Беатриче изумленно взглянула на нее.
– Отрезаны части тел? У убитых в Уайтчепеле? Но это не имеет никакого смысла. Есть только одна причина собирать части мертвых тел – но подобному эксперименту уже сотня лет! Именно этот эксперимент провел Франкенштейн. Зачем бы кому-то в наши дни его повторять? Опыты моего отца и его коллег были куда тоньше и сложнее в теории. Они работали над развитием человечества в определенных направлениях. Мой отец хотел укрепить человеческую расу свойствами различных растительных эссенций. Доктор Моро и ваш отец изучали отличия человека от животных в попытке возвысить человеческую расу над животным началом. Они пытались очистить и облагородить человечество, ставили перед собой высокие цели, и в юности я считала их мудрейшими людьми на свете, думала, что они приведут нас в новый золотой век. С тех пор я успела усомниться в их методах, но в любом случае эта история про отрезанные части тела мне совершенно непонятна.
Она допила свой растительный отвар и поставила пустую кружку на подоконник. Диана дожевала свой тост, засунула в рот вареное яйцо целиком и зачавкала.
– Однако девушки убиты, – возразила Мэри. – И у них отсутствуют части тел – ноги, руки, головы. У двух убитых извлечены мозги. И мы работаем над раскрытием этой тайны. Вы сказали, что есть только одна причина собирать части мертвых тел, но не назвали этой причины. В чем заключался эксперимент Франкенштейна?
– В том, чтобы из частей тел мертвецов собрать живое существо, – пояснила Беатриче. – Соединить эти члены воедино и создать живую женщину. Франкеншейн смог этого добиться – правда, не с женским телом, а с мужским. Он создал живой труп, который оказался сущим чудовищем.
– Обалдеть! – выдохнула Диана и так и осталась с открытым ртом, в котором виднелась недожеванная еда.
– Но это просто ужасно! – воскликнула Мэри. – Не могу представить, что может толкнуть человека на подобное действие.
– Любовь к науке ради науки, – сказала Беатриче. – А кроме того, возможность выйти за пределы ограниченного человеческого бытия.

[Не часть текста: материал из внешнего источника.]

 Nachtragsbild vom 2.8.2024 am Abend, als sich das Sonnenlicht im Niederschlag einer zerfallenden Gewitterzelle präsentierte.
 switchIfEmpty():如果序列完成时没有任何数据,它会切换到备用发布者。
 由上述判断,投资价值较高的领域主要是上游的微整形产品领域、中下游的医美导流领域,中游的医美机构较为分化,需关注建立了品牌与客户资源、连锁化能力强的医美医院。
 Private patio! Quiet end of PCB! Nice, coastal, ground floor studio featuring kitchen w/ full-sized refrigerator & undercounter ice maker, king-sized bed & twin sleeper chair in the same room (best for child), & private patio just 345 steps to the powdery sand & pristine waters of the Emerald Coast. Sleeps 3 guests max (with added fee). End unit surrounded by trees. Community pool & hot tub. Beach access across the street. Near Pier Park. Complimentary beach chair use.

Конечно, вы не можете не оценить красоту подобного стремления, даже если и не одобряете методов, которые для него использовались. И, разумеется, никакая благородная цель не оправдывает убийства пяти женщин. Но эксперимент Франкенштейна был грубым, топорным. Методы моего отца…
– Сделали вас ядовитой, – закончила за нее Мэри.

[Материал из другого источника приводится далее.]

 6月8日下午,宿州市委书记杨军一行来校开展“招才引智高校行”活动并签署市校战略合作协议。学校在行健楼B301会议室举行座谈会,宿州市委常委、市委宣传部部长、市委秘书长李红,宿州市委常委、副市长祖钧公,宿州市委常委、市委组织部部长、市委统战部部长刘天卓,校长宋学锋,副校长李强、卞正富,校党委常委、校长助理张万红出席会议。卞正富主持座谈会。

Беатриче опустила глаза и просто молча смотрела на свои руки, сложенные на коленях.
Мэри не знала, что теперь сказать. Она, похоже, глубоко оскорбила Беатриче, хотя совершенно не хотела этого делать, но эти эксперименты – они были порочны. Конечно, они же все были согласны с таким определением? Мэри вспомнилась Молли Кин, лежащая в луже собственной крови…
Диана рыгнула и вытерла губы рукой. Мэри даже не одернула ее. Она все еще не находила слов.

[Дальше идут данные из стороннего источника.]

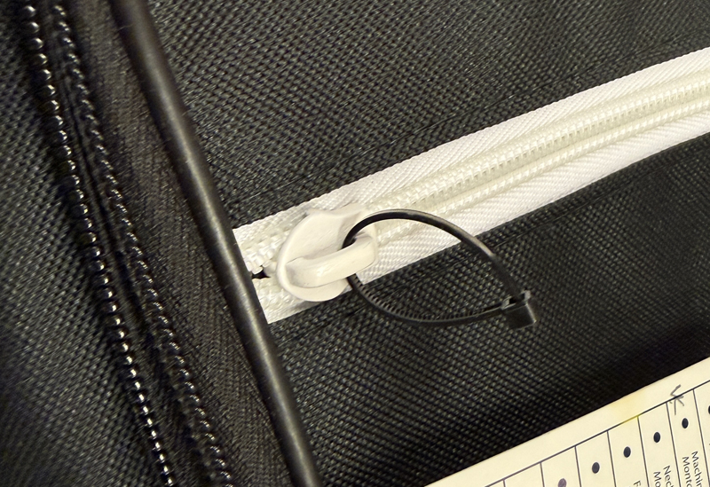 ケース外ポケットのファスナーつまみが取れており、結束バンドで補修しています。

– А другие письма – они тоже от моего отца? – нарушила молчание Беатриче.
– Ах, эти, – Мэри была рада сменить тему. – Нет, они написаны на латыни, так что я не имею представления, о чем они. Но на них тоже есть красные печати с литерами S.A.
– Спорим, наша мадам Отрава знает латынь, – сказала Диана.
– Конечно, – ответила Беатриче. – Ведь это язык науки. А печати использовались членами Общества, в том числе и моим отцом, для обозначения официальной корреспонденции. Они означали, что письма нужно открыть сразу по получении и вдали от чужих глаз. У всех членов Общества были такие печати – кто-то носил их на перстнях, кто-то на цепочках. Если позволите, я бы хотела просмотреть эти письма.
– Пожалуйста, – ответила Мэри. И постаралась не отшатываться, когда Беатриче подошла к столу, а вот Диана при ее приближении ретировалась на другую сторону комнаты.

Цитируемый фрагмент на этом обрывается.